Lemonade, which promises to revolutionize the insurance industry with algorithms using artificial intelligence and big data, quenched its thirst for success with a notable entry Thursday on the New York Stock Exchange, where its stock soared closely. by 140%. Listed under the symbol LMND, the stock ended at $ 69.41 while its IPO price was set at $ 29. At Thursday’s close, Lemonade was worth just over $ 3 billion on the stock market, according to specialist firm Factset. Founded in 2016 by Daniel Schreiber and Shai Wininger, the New York-based company aims to use cutting-edge technological tools to transform the world of insurance by delivering personalized contracts that can be created in minutes.
Lemonade describes itself as “A new kind of insurance company, built from scratch from a digital substrate, a modern business model and without the weight of the past”, in a document sent to the US stock market policeman, the SEC, before it entered Wall Street. The platform currently offers insurance for tenants and owners in the United States as well as civil liability insurance in Germany and the Netherlands. These different services are accessible via a mobile application which is intended to be easy to use and guarantees ultra-fast reimbursement times.
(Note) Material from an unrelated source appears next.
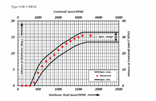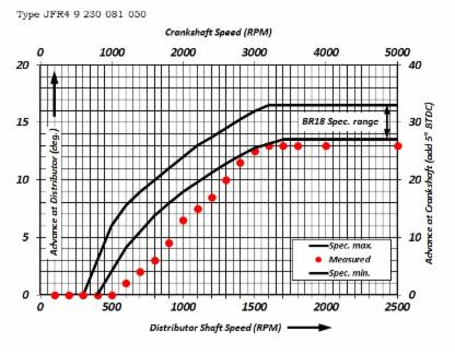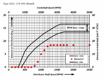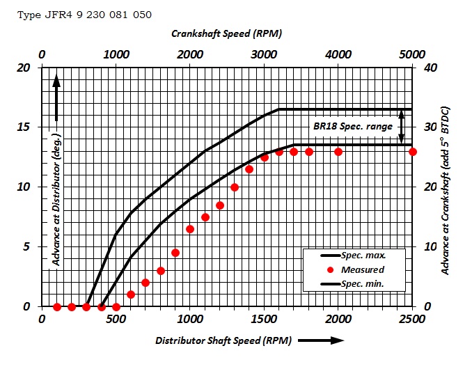 The BR18 distributor has a cast iron body with the main shaft through the bore at its base (unlike the later 022 that used bushings). Maximum mechanical advance is 30° +/-3° at the crankshaft starting at about 3000 RPM, not including a 2-5° initial advance. The total advance should be about 32-33° and no greater than 35°, a bit lower than original factory specs with today's gasoline.

Popular with young people in their thirties
Lemonade is popular with young people in their thirties, who represent 70% of its customers, according to figures provided by the company. 90% of users also claim not to change insurer when joining Lemonade. Another trait likely to make it popular with “millennials”: the group loudly proclaims its commitment to movements for social justice, in particular the recent demonstrations against police violence and racism in the United States.
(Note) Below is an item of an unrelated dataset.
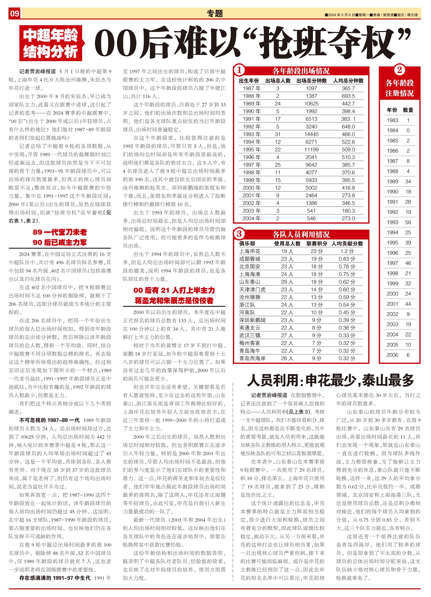 在数据整理中,记者还注意到了一个容易被人忽视的特点——人员利用率(见上表3)。考核一支中超球队,我们...

Lemonade also promotes charitable actions by asking its new clients to designate a non-profit association to which unspent sums are donated once a year. In 2019, $ 600,000 was distributed to around 20 organizations. Among its major shareholders, the company counts the Japanese group Softbank and venture capital firms such as Sequoia Capital and Aleph. The co-founders together hold more than half of the shares. Lemonade generated $ 67.3 million in revenue last year but failed to make a profit, posting losses of $ 108.5 million.